• WHAT IS NEEDED:
The listing below contains a span that opens with the line containing "Alaçatı has stone" and closes with the line containing "2.3. Diverse Functional". Return that span exactly.

• DATA FOR ANALYSIS:
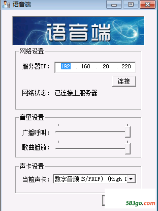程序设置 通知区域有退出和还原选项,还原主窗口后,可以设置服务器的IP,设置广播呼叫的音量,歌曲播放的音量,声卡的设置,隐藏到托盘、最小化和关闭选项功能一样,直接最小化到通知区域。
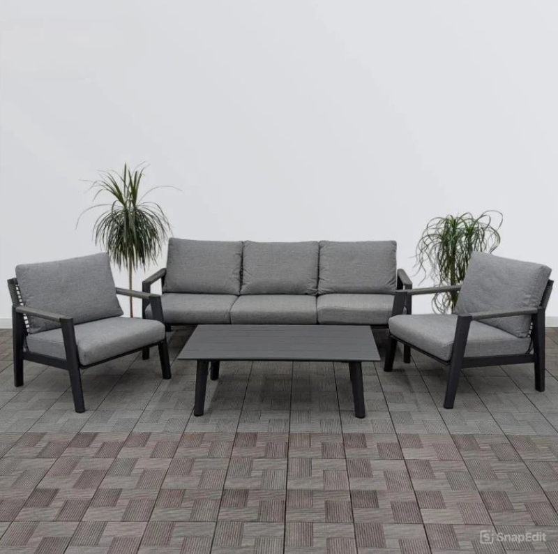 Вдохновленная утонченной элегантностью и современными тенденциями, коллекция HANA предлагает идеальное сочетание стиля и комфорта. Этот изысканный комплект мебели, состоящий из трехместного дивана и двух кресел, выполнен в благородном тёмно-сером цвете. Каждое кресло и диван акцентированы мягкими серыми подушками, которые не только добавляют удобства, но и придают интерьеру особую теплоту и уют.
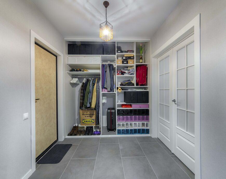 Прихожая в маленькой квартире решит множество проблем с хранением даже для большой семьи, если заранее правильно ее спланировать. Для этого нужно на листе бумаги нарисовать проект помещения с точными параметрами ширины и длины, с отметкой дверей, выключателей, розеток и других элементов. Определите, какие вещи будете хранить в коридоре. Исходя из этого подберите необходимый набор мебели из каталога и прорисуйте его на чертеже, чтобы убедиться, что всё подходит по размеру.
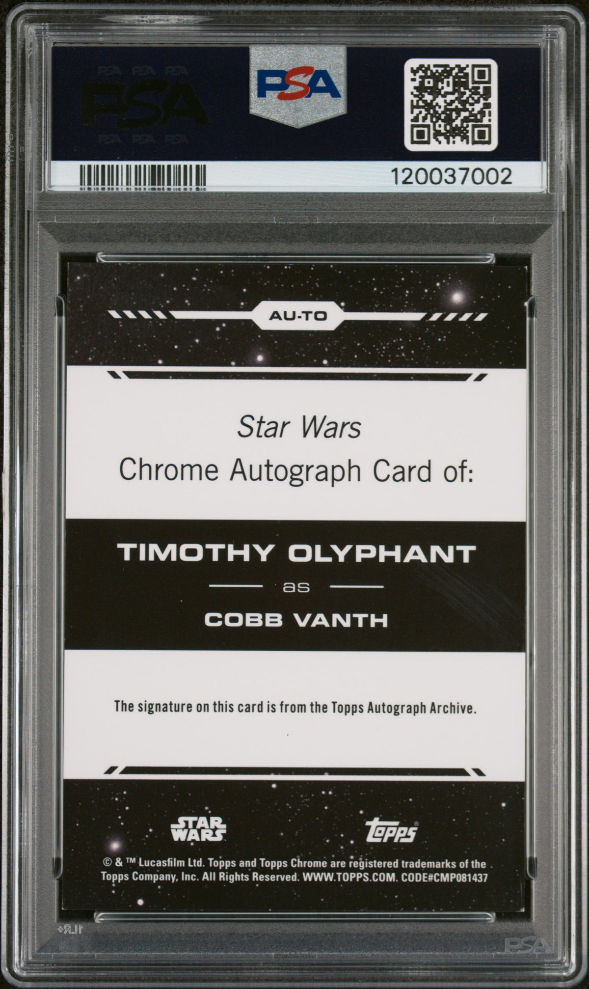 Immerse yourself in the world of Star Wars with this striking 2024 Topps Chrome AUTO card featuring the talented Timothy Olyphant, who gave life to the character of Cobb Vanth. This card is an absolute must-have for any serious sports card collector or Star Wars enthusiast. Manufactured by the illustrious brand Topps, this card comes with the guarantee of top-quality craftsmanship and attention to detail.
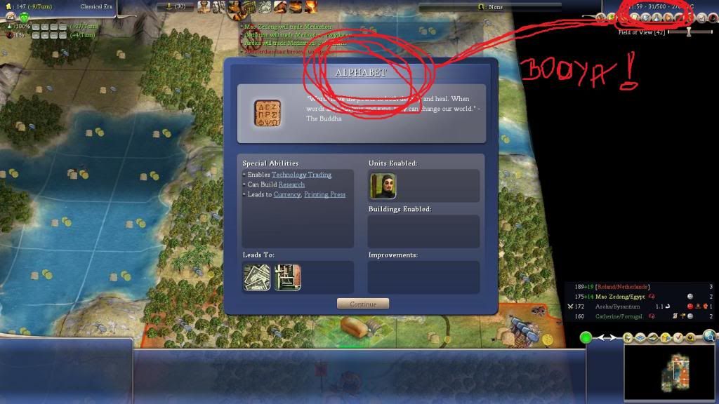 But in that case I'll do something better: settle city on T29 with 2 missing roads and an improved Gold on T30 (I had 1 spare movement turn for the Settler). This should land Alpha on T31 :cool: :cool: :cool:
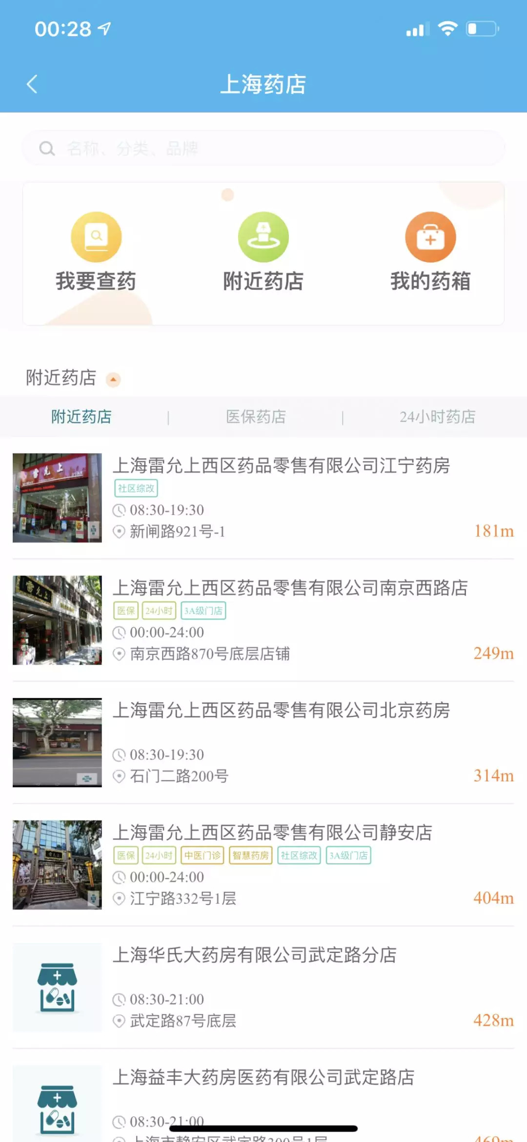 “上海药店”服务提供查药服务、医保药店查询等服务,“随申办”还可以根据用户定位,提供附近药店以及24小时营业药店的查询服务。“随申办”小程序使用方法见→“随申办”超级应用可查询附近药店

==

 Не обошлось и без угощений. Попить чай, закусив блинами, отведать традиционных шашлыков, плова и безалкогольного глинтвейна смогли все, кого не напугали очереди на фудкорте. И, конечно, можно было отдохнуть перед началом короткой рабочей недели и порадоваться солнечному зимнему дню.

* * *

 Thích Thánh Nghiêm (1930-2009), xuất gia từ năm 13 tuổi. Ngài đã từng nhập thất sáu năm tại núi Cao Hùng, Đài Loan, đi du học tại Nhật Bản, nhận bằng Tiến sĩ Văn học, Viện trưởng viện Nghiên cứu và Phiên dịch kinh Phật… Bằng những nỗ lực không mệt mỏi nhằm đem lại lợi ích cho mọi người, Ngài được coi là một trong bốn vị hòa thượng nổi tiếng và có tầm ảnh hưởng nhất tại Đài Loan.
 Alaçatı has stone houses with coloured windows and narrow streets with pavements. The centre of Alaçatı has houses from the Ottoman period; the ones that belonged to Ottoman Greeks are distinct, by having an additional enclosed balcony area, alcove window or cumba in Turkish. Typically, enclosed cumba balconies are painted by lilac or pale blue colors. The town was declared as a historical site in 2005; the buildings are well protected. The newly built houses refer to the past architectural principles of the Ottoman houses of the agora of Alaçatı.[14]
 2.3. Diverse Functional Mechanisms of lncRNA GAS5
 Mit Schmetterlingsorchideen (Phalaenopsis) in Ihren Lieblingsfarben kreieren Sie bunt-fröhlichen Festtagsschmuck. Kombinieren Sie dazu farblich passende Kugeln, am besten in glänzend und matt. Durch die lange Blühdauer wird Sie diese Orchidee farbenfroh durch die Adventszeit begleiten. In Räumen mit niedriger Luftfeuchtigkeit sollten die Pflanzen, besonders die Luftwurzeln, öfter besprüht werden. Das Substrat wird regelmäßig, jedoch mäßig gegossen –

• RESULT FOR THIS EXERCISE:
 Alaçatı has stone houses with coloured windows and narrow streets with pavements. The centre of Alaçatı has houses from the Ottoman period; the ones that belonged to Ottoman Greeks are distinct, by having an additional enclosed balcony area, alcove window or cumba in Turkish. Typically, enclosed cumba balconies are painted by lilac or pale blue colors. The town was declared as a historical site in 2005; the buildings are well protected. The newly built houses refer to the past architectural principles of the Ottoman houses of the agora of Alaçatı.[14]
 2.3. Diverse Functional Mechanisms of lncRNA GAS5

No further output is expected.